Comment by atoav
11 hours ago
It was a textbook example of the double contingency of communication¹. In communications it doesn't only matter what each side is objectively saying. It matters what the other side expects them to hear. And that goes both ways.
In this case the interviewer asked these questions to get to know the candidate in a professional setting, so they expected a diplomatic or professional answer. The candidate however misjudged the interviewer intention behind the questions, took them literally and answered them truthfully. Neither of these people is technically sporting a wrong position, yet the communication broke down.
That being said, the idea that you can choose not to talk about certain things is pretty basal when it comes to communications. If you have a trauma nobody can force you to talk about it and you should also not talk to everybody and their dog about it (and I know people who constantly do this and have a tendency to regret it afterwards). It costs you nothing to say that you can't think of any specific day, or talk about a day where a old boss at a shitty student job abused you, to frame it in work terms. To talk strategically or diplomatically is a skill that is needed in many positions. And that candidate displayed a total lack of that ability.

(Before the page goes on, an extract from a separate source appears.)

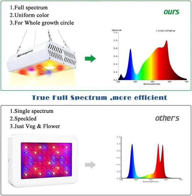 Optimal Full Spectrum from 380nm to 730nm —— Different with other common led grow lights with red and blue leds, HG series led grow light uses 3000K high power COBs, which are specially developed for plants, can provide really full spectrum lights from 380nm to 730nm, ideal for all kinds of indoor plants veg and flower at all growth stages. Added 3W Orsram LEDs provide more lights for plant's flowering and fruiting stages, help you plants get the best yields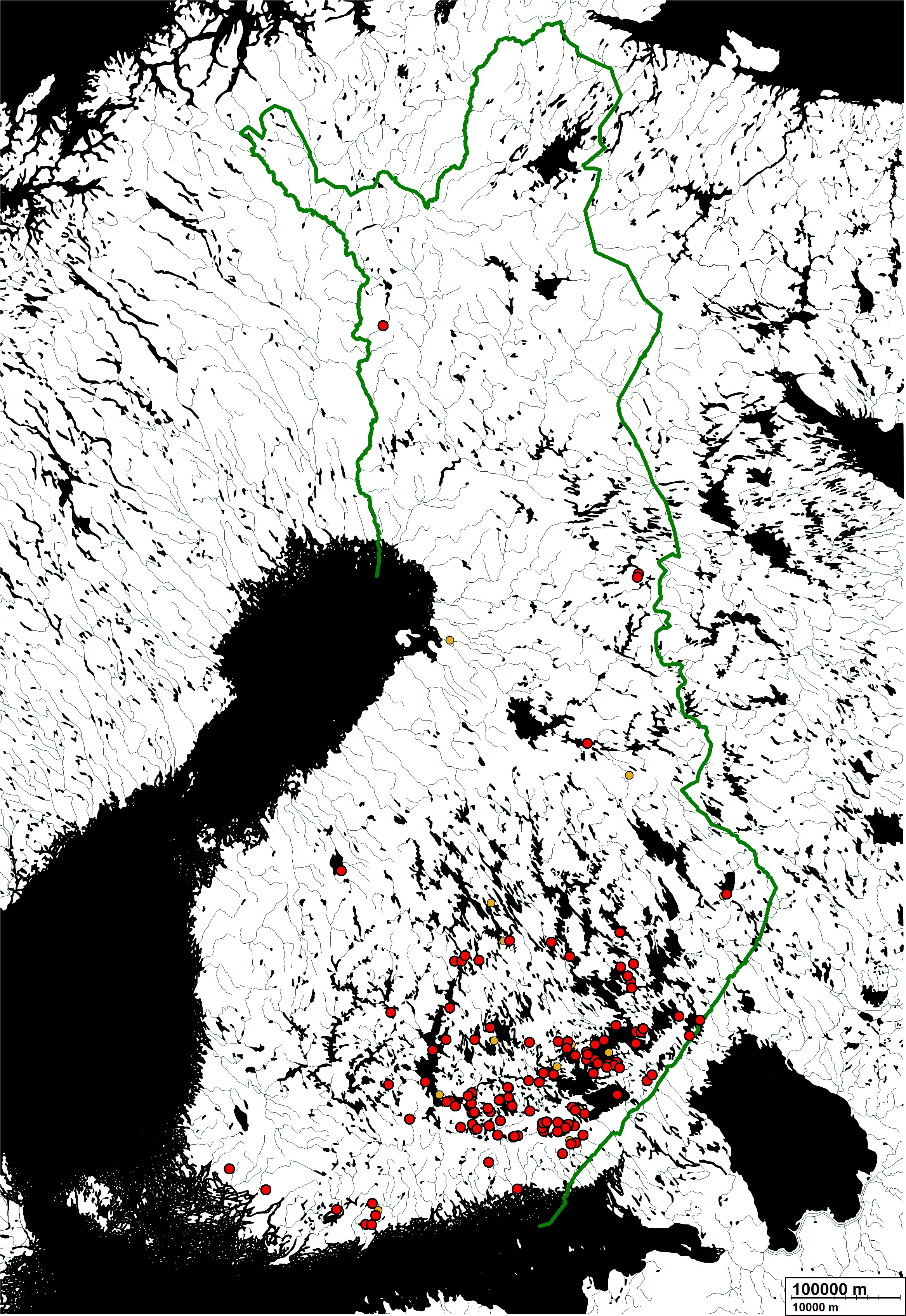 - 13 kpl kallioseinämissä ja 1 lohkareiden seinämissä, prosenttiosuudet: 93 % kallioseinämissä ja 7 % lohkareiden seinämissä

That being said I am not particularly fond of that type of question myself. Both as an the person carrying out an interview and the person going to one. I am more interested to see how a person tackles certain situations than to have them tell me stories about it.
¹: see https://www.orientation-philosophy.com/glossary/double-conti...
This interview lasted over an hour. If he was answering wrong they should have said something.
> In this case the interviewer asked these questions to get to know the candidate in a professional setting, so they expected a diplomatic or professional answer
And there is no bias in this assumption whatsoever?
No. Reread the post. This interview was specifically explained as a non-technical, cultural-fit talk, and the interviewer "gave an impression of this being a safe space". That means they said something specific to hint that this is the case.
Don't blame the poor guy who was subjected to this. You're projecting your understanding of what is normal for the interviewer and assuming that the particular interviewer didn't cross any of the lines you wouldn't. Unless you are the interviewer or know their side of the story, there is literally nothing in the post that would suggest your reading is correct.
A simpler explanation: the interviewer was an amateur psychologist with little experience in either interviewing or therapy. They asked "interesting questions," then were overwhelmed by answers they hadn't expected and couldn't gracefully handle. That's it. Please, unless you know more about that particular instance, don't reflexively blame the candidate for what looks like a series of errors on the interviewer's part.